▸ **Required work**: Retype all the records below exactly as they are, with no image carried over.

▸ **The records**:
▼▼▼

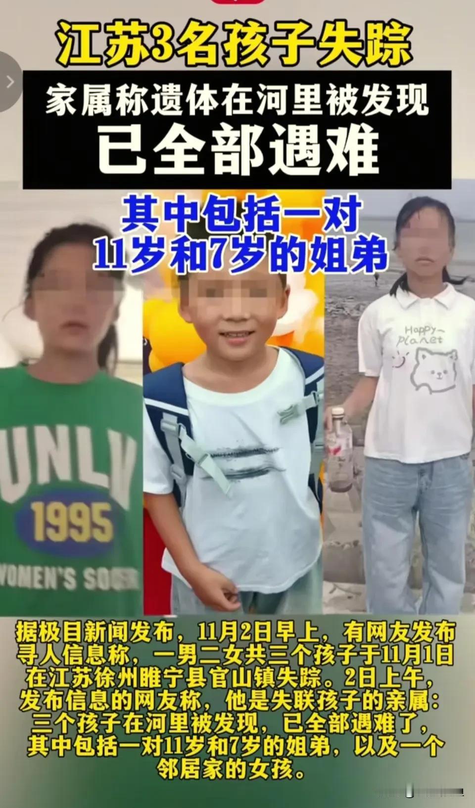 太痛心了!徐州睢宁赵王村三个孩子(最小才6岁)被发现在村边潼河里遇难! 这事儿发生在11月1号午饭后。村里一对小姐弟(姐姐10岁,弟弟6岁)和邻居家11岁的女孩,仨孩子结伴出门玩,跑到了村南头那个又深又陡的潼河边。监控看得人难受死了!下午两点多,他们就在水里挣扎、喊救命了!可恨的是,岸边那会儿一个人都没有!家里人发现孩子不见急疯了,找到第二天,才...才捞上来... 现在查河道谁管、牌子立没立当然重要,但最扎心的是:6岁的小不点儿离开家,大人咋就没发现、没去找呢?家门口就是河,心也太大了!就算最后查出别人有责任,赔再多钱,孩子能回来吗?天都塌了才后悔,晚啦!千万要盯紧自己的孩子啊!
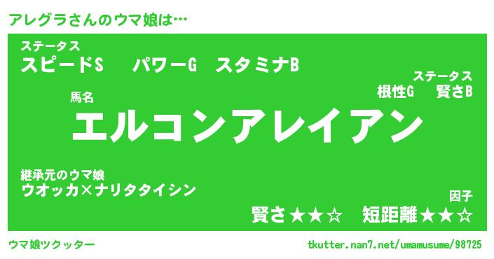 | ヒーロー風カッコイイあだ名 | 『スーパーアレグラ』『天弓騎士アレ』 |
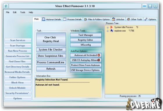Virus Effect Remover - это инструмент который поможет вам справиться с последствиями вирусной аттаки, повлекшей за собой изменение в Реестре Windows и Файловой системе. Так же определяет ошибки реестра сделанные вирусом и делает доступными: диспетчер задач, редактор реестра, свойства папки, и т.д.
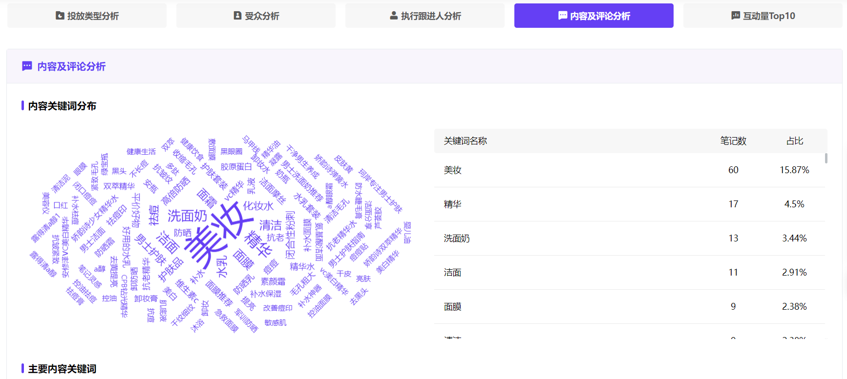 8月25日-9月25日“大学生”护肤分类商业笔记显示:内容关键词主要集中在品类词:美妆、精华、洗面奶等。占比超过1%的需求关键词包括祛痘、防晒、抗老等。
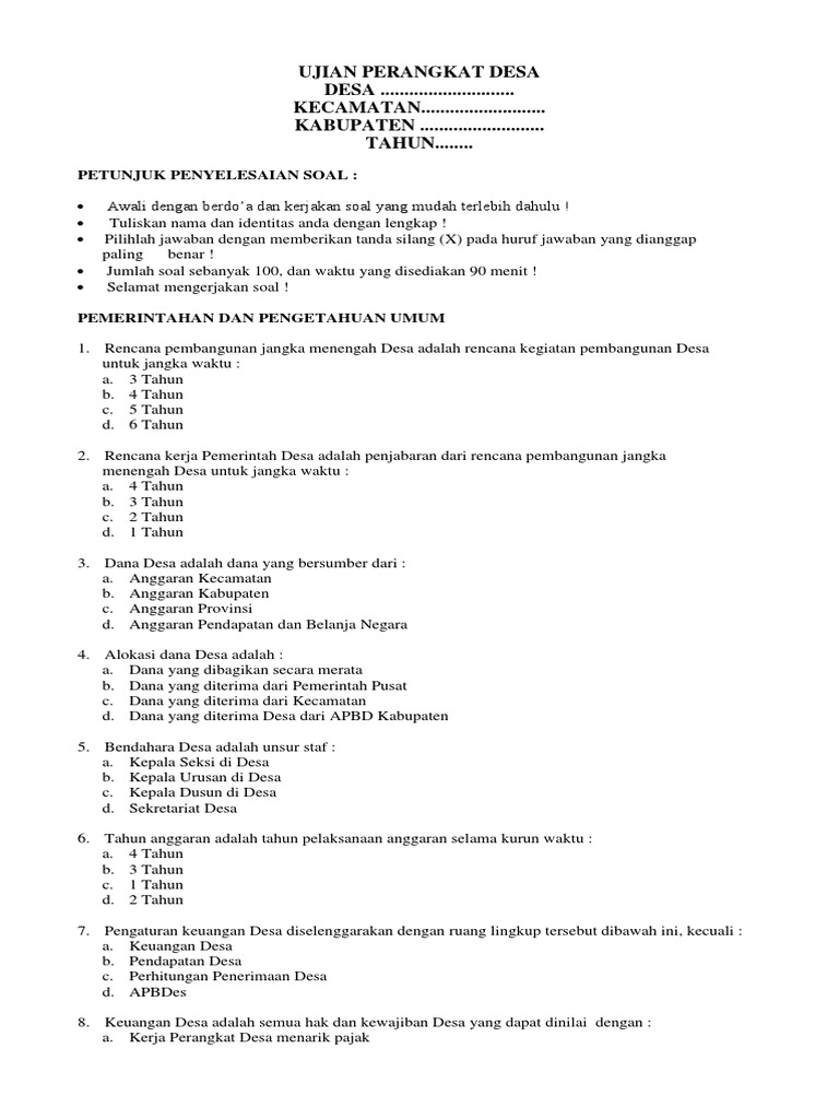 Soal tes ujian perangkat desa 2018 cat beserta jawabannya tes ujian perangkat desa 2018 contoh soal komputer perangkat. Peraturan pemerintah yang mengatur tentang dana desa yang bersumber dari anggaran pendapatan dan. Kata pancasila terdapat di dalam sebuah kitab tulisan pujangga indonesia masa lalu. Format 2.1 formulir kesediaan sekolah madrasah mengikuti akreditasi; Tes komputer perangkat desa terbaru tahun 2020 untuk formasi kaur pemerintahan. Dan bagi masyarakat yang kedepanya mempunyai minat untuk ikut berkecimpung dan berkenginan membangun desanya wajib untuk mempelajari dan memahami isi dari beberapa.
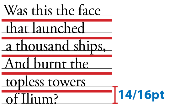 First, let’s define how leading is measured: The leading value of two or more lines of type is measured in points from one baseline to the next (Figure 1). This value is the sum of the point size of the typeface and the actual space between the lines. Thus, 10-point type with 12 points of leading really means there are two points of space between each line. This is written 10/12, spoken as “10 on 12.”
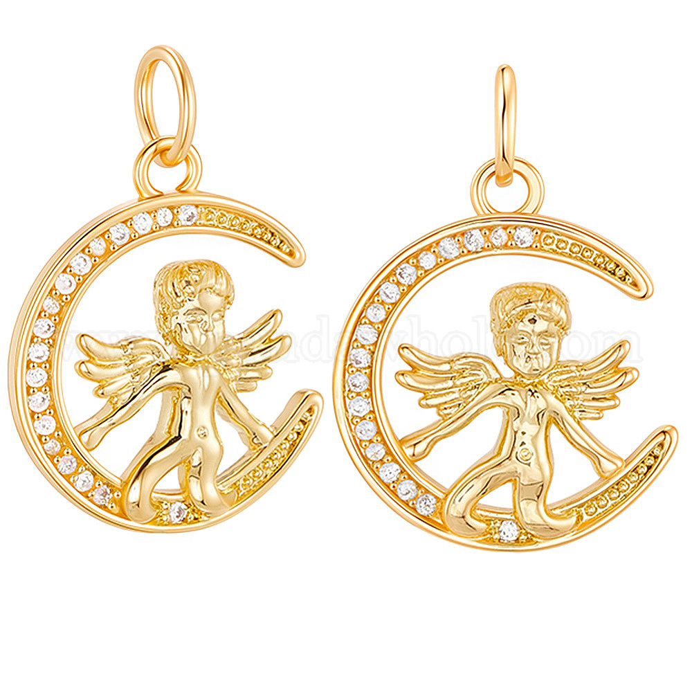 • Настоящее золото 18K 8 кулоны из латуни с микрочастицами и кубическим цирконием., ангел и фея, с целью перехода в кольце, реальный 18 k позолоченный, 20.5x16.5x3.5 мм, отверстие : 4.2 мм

▲▲▲

▸ **Task solution**:
 太痛心了!徐州睢宁赵王村三个孩子(最小才6岁)被发现在村边潼河里遇难! 这事儿发生在11月1号午饭后。村里一对小姐弟(姐姐10岁,弟弟6岁)和邻居家11岁的女孩,仨孩子结伴出门玩,跑到了村南头那个又深又陡的潼河边。监控看得人难受死了!下午两点多,他们就在水里挣扎、喊救命了!可恨的是,岸边那会儿一个人都没有!家里人发现孩子不见急疯了,找到第二天,才...才捞上来... 现在查河道谁管、牌子立没立当然重要,但最扎心的是:6岁的小不点儿离开家,大人咋就没发现、没去找呢?家门口就是河,心也太大了!就算最后查出别人有责任,赔再多钱,孩子能回来吗?天都塌了才后悔,晚啦!千万要盯紧自己的孩子啊!
 | ヒーロー風カッコイイあだ名 | 『スーパーアレグラ』『天弓騎士アレ』 |
Virus Effect Remover - это инструмент который поможет вам справиться с последствиями вирусной аттаки, повлекшей за собой изменение в Реестре Windows и Файловой системе. Так же определяет ошибки реестра сделанные вирусом и делает доступными: диспетчер задач, редактор реестра, свойства папки, и т.д.
 8月25日-9月25日“大学生”护肤分类商业笔记显示:内容关键词主要集中在品类词:美妆、精华、洗面奶等。占比超过1%的需求关键词包括祛痘、防晒、抗老等。
 Soal tes ujian perangkat desa 2018 cat beserta jawabannya tes ujian perangkat desa 2018 contoh soal komputer perangkat. Peraturan pemerintah yang mengatur tentang dana desa yang bersumber dari anggaran pendapatan dan. Kata pancasila terdapat di dalam sebuah kitab tulisan pujangga indonesia masa lalu. Format 2.1 formulir kesediaan sekolah madrasah mengikuti akreditasi; Tes komputer perangkat desa terbaru tahun 2020 untuk formasi kaur pemerintahan. Dan bagi masyarakat yang kedepanya mempunyai minat untuk ikut berkecimpung dan berkenginan membangun desanya wajib untuk mempelajari dan memahami isi dari beberapa.
 First, let’s define how leading is measured: The leading value of two or more lines of type is measured in points from one baseline to the next (Figure 1). This value is the sum of the point size of the typeface and the actual space between the lines. Thus, 10-point type with 12 points of leading really means there are two points of space between each line. This is written 10/12, spoken as “10 on 12.”
 • Настоящее золото 18K 8 кулоны из латуни с микрочастицами и кубическим цирконием., ангел и фея, с целью перехода в кольце, реальный 18 k позолоченный, 20.5x16.5x3.5 мм, отверстие : 4.2 мм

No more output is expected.